Return to Canadian Foundation for Drug Policy home page
Thursday, June 4, 1998, 1520.
Hon. Duncan J. Jessiman:
. . .
I would like to say a word about the war on drugs. I was at a NATO assembly in Spain last week. We were given a briefing by people involved with international crime. The amount of crime is unbelievable, and they told us that about 50 per cent of it is related to drugs.
We must find the answer to this worldwide problem. I believe that we are fighting this problem in the wrong way. I am not an advocate of legalizing anything in the way of drugs today. However, I strongly advocate that anyone caught in possession of a drug such as marijuana has not committed a criminal offence. We simply must do something about that.

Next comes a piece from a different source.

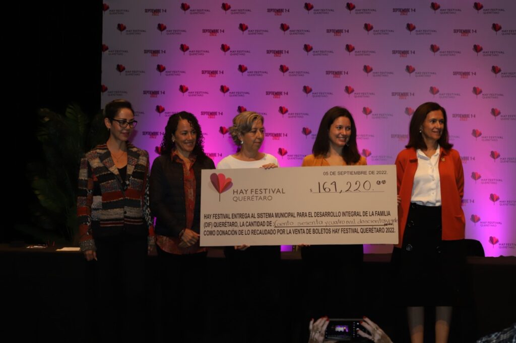 Asimismo, la organización del Hay Festival entregó a las autoridades municipales un cheque por 164 mil 220 pesos, como donativo para el DIF municipal; dicho monto se recaudó con la venta de boletos para los eventos.

Some Hon. Senators: Hear, hear!
Senator Jessiman: The committee recommended, and the Senate agreed, that there should be a joint committee of the Senate and the House of Commons to study drugs. That was never put in place. If I accomplish only one thing here, I would like it to be that I have persuaded honourable senators to consider setting up a committee to study this very serious problem. It is not something that can be done in a short time. It will be a big and very important study.
I believe that the Senate can do it, and that honourable senators should start. It will not be popular with all Canadians, but you must study this subject. I believe that if possession of marijuana were dealt with as a health issue, rather than as a criminal offence, we would be better off.